With that, Manny slips down a back hall toward the restrooms, and we order our food. Unfortunately, the moment Manny is out of eyeshot, my problems start again, too.
V feigns a vomit noise. “God, this guy is insufferable.”
“I don’t know, I like him,” Gabby presses back.
As we sit down at a table, I let the sound of the Top Gear theme wash over me, the familiar voices of the hosts anchoring me as I strategize how to manage V’s constant negativity. “I don’t understand what he’s done to get on your bad side. He found you a halfway decent wine bar; he’s showing us all his favorite spots.”
“Yeah, now. That’s how they always are now,” V hisses.
“What’s that supposed to mean?” I press back.
“You know exactly what I mean.”
“Hang on, V,” Gabby says, trying to mediate. “Just because Franky made some bad calls in the past doesn’t mean he’s bad.”
“And what’s that supposed to mean?” I snap, my voice growing just a little too loud.
Gabby’s ghostly facade crumples into a look of deep concern. “No, sorry, I just meant-”
“Meant what? That I can’t take care of myself? That I wouldn’t be happy if it weren’t for you two?”
“No, that’s not it at all,” Gabby tries.
“Then what?”
“You just met the guy!” V presses. “You don't know him!”
“I know he likes poetry, and cars, and writing, and he makes a great Manhattan.” My lips quiver as I realize how desperate I must sound. “I, I know he likes me!”
“Are you sure he’s not just using you like Chad?” V shoots back, as if that couldn’t be the worst possible thing to say.
“Why would you bring him up?” I demand. “Why do you have to dig up the past every time you wanna make a point?!”
“Because you always do this,” V says. “You literally ran out on us because of him.”
“There it is. I ran out onyou. You wouldn’t have cared if I hadn’t left, but because your happy little relationship is crumbling, suddenly I’m the bad guy.”
The few patrons in the restaurant keep peering at us, but my blood is boiling from too much pent-up frustration not to let it all finally pour out.

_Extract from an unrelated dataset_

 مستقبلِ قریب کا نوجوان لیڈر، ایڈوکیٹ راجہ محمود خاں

“You know what. Yeah!” V snaps. “We were good together. The three of us were happy!”
“You were happy!” I shoot back. The next words I don’t think I mean, but I want them to hurt, I want V to hurt, like I’m hurting, like I’ve been hurting. “And if you weren’t so selfish, maybe you would have seen that. Maybe I wouldn’t have followed Chad in the first place.”
The words hit their mark, V’s brows knitting into sharp angles as she tries to think of a response. I wait for one of her classic verbal lashings, a torrent of curses and targeted humiliations. Instead, I just see pain, pain and betrayal. Her lips quiver under the weight of what I said. She doesn’t speak; she just gets up and storms out, Gabby chasing after her. I sit there, alone, arms folded, dry British car humor my only companion as I try to replay the conversation, try to think of an apology, except I don’t want to apologize. I’m done apologizing. I’m done being taken for granted.

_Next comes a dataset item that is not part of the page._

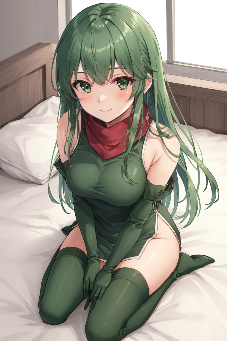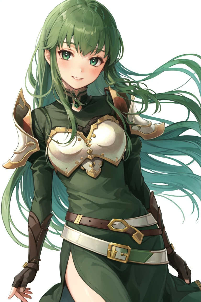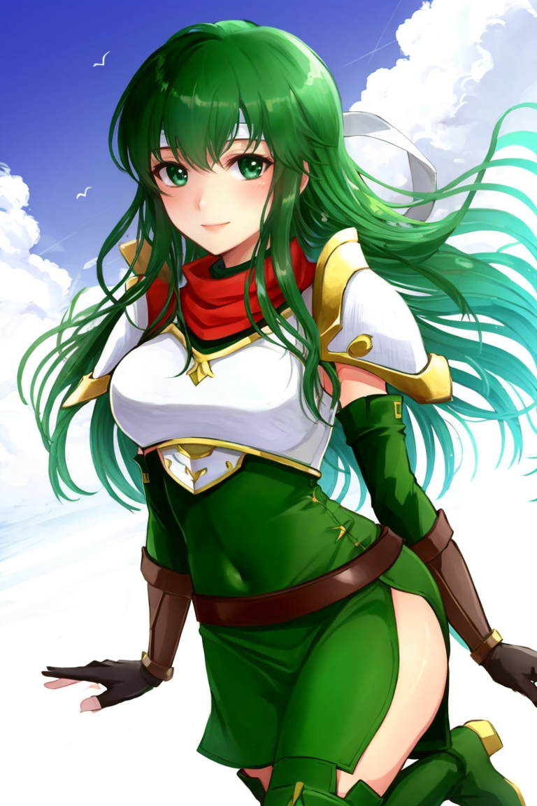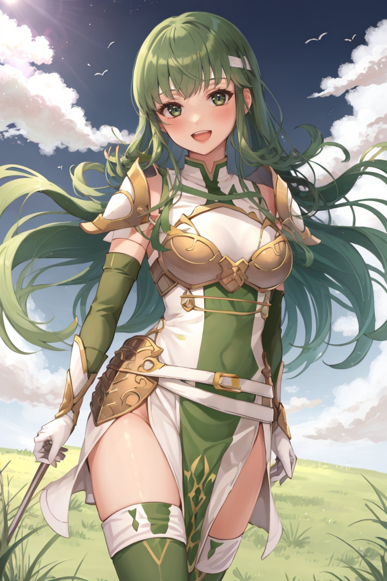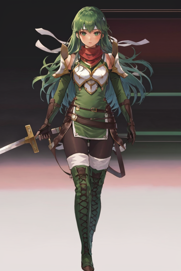 New Mystery: palla_newmystery, long hair, dress, (green elbow gloves:1.3), belt, (green fingerless gloves:1.3), armor, covered navel, green thigh boots, short dress, shoulder armor, side slit, breastplate, white headband, pegasus knight uniform (fire emblem).

Manny finally returns from the restroom, surprised I’m sitting by myself. “Where are your friends?”
“V doesn’t really eat fried chicken, and Gabby doesn’t actually eat at all.” It’s only a partial lie, but the best I can manage under the circumstances.
“Oh, damn, I really thought this would be a hit with them.” Manny adjusts himself so that his body faces towards me. “But are you okay?”
“Yeah!” I blurt the word out far too enthusiastically. “Why wouldn’t I be? I got you, Top Gear, and fried chicken.”
He puts an arm around me, holding me in a loose hug, and presses his forehead to my temple. “Okay, even if you’re not, I’m still here.”
“Thanks,” I sigh, our breath mingling.
Our food finally arrives, Sal sits with us, all of us discussing the episode on TV as if we know it by the back of our hand, and for a moment, I feel transported. In Manny’s company, in this space, I can see it, a different life, the life I could have had if I had made other choices. But I was too young, too naive to make those choices. The longer I think, the more V’s harsh words bleed back in, and the tighter my chest gets.